Peugeot's new large saloon and estate, the 508 straddles (and replaces) Peugeot's 407 and 607 models. Peugeot claiming the 508 offers interior space to match the 607, but within smaller exterior dimensions, and that although it is 10cm longer than the 407, that it weighs an average of 35Kg less.
In addition to the two bodystyles the 508 comes with two alternative suspension configurations. Most models use a MacPherson Strut at the front, with a multi-link arrangement at the rear. However our introduction to the 508 comes by way of the range topping GT model, which not only features a new 2.2-litre 201bhp diesel (more efficient and lighter than the 2.7-litre V6 it replaces) but also double-wishbone front suspension.
What's it like?
Before any considerations on the way the 508 drives, the most obvious change over its predecessor, is a newfound sense of maturity. The exterior styling has lost some of the quirkiness of the 407, and potentially is a little more bland as a consequence, but the interior is an unqualified step forward. Comfortable spacious and noticeably more upmarket. Clearly this GT model represents the 508 in its best light, with full leather trim and full colour information screens, but in the design, arrangement and action of the main switchgear the 508 is class-leading.

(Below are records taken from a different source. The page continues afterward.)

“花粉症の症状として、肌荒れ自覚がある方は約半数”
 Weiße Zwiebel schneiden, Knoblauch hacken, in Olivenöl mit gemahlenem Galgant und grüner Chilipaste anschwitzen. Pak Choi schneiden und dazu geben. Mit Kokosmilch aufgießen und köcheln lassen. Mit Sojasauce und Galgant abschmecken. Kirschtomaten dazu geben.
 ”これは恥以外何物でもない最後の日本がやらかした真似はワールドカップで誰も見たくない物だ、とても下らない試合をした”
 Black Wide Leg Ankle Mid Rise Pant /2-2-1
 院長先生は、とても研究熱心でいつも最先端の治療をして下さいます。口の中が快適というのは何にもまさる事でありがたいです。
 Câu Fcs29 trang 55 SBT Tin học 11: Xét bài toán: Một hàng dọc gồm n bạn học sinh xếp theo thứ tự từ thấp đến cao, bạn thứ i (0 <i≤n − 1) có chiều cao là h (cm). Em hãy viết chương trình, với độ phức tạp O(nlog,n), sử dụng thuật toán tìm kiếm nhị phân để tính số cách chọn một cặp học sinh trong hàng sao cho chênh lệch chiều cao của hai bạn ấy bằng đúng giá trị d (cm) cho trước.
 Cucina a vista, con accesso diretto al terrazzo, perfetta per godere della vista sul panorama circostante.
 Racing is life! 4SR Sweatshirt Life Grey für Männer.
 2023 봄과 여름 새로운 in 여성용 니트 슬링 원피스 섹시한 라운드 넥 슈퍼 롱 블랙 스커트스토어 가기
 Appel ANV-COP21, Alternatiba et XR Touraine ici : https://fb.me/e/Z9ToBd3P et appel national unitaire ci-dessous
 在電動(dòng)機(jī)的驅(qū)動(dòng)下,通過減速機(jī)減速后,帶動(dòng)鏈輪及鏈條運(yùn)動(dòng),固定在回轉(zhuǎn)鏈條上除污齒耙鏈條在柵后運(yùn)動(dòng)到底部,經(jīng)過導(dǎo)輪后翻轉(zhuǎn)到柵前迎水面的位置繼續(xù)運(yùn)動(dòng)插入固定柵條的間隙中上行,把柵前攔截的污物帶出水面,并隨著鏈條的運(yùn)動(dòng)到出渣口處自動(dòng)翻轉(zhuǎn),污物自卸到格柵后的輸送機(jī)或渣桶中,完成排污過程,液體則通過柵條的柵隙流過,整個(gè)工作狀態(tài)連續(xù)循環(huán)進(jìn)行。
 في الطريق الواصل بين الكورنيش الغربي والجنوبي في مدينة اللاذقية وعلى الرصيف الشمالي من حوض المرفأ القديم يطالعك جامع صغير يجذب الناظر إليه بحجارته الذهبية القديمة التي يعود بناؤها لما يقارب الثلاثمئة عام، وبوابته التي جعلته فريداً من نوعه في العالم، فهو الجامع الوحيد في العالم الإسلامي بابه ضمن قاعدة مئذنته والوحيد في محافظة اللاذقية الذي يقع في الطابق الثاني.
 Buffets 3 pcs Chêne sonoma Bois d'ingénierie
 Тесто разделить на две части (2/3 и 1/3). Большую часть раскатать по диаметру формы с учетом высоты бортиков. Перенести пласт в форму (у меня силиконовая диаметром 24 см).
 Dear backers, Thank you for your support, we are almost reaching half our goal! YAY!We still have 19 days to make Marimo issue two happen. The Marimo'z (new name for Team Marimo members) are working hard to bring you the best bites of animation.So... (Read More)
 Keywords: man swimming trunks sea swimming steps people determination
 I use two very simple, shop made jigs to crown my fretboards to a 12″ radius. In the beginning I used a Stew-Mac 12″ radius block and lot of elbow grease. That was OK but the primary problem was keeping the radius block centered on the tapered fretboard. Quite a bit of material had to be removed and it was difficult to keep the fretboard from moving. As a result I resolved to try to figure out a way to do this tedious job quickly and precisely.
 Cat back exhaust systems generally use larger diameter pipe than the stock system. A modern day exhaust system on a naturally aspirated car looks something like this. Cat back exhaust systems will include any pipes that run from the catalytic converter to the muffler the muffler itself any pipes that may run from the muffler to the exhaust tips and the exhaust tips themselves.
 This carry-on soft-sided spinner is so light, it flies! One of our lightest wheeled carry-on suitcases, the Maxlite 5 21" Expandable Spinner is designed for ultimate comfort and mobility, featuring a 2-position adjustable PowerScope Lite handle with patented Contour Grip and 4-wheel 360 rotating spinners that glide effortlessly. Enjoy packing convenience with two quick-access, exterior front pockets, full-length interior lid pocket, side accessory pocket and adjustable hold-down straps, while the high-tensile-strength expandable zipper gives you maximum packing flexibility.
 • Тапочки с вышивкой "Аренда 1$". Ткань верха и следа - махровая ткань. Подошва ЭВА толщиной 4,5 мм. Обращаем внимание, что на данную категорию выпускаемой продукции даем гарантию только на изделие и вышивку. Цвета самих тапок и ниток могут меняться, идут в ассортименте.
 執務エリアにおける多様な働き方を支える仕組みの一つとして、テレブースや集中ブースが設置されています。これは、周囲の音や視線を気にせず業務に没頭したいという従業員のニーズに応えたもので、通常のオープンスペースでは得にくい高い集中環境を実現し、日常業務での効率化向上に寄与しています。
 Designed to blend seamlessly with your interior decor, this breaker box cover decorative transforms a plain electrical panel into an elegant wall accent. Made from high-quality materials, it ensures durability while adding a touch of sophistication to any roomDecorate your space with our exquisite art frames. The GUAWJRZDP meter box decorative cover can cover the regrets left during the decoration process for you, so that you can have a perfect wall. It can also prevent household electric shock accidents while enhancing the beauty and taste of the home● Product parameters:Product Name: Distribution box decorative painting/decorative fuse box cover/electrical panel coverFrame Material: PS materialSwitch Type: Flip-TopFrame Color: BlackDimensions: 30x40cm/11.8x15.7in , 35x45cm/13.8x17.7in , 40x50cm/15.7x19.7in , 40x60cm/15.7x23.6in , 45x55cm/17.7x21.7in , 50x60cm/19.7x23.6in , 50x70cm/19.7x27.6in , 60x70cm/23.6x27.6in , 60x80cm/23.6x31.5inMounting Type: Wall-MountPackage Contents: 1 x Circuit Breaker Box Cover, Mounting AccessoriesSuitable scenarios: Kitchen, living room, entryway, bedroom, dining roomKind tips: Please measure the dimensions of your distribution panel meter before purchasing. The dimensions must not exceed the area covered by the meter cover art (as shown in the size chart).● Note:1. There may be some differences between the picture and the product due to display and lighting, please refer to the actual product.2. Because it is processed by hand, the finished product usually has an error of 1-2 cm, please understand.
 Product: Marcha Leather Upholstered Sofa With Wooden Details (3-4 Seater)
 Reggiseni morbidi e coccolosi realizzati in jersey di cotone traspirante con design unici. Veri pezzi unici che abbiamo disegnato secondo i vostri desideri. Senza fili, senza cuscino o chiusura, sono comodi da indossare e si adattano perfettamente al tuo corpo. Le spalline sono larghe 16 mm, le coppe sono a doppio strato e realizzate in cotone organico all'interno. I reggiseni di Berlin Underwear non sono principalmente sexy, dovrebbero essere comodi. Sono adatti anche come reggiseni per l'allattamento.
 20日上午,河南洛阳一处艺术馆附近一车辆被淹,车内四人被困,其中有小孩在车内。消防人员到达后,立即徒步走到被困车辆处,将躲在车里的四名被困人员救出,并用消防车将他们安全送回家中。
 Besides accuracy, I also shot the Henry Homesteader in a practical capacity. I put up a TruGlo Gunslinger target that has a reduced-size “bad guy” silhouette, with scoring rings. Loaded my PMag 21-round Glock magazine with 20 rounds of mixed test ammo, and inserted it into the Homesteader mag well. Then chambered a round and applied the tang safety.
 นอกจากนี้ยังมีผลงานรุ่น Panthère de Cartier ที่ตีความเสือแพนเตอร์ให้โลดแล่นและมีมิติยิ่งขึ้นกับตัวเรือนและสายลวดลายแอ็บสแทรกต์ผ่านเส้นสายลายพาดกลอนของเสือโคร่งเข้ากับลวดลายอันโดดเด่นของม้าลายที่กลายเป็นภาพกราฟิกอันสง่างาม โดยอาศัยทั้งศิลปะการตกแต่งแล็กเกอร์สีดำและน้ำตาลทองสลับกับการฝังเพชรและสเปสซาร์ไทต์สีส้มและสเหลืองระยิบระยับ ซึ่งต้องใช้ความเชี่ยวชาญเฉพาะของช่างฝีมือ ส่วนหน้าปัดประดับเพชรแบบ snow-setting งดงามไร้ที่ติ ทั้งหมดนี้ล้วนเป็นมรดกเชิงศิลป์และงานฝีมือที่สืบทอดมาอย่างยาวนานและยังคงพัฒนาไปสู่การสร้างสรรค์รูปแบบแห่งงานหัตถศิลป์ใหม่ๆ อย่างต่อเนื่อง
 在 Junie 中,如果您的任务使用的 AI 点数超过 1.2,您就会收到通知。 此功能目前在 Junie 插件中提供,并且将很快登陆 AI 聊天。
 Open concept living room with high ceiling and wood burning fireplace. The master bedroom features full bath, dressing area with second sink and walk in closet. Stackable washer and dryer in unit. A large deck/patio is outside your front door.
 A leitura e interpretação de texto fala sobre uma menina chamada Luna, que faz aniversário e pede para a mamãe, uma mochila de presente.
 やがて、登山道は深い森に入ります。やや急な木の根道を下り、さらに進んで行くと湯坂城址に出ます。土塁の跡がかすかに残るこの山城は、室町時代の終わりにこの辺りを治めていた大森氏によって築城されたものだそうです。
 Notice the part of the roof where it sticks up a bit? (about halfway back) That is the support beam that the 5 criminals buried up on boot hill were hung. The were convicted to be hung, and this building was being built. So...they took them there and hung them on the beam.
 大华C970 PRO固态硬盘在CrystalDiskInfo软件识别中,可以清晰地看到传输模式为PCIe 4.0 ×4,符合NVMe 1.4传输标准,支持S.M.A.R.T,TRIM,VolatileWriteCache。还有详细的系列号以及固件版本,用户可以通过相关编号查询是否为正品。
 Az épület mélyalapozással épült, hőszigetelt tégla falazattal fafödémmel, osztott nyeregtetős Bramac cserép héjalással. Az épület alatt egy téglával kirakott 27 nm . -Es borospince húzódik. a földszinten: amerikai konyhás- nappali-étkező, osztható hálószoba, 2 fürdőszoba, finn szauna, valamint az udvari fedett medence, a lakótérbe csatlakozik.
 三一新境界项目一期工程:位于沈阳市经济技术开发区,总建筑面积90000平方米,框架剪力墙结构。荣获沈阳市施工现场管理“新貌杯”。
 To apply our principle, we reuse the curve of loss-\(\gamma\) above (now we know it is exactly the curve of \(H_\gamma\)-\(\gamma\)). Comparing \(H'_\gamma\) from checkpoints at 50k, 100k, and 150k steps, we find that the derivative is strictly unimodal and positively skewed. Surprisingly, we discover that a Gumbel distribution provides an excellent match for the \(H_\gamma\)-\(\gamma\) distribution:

As is overall refinement. Helped by a standard fit acoustic windscreen and dampers on the front axle to reduce engine vibration, the 508's cabin is remarkably hushed, in terms of wind, road and engine noise. Other engines in the range, which include two 1.6-litre petrols, and several diesels including an e-HDi version with stop-start and emissions of 109g/km, may be more vocal, but this 2.2-litre is impressively quiet.
There is however no choice of gearbox with this engine, a six-speed automatic mandatory. Although this remains a conventional torque converter auto, it is not embarrassed by rivals' dual-clutch systems. While the shifts are not quite as instantaneous they're still quick enough, and for slow speed manoeuvres a torque converter is still superior.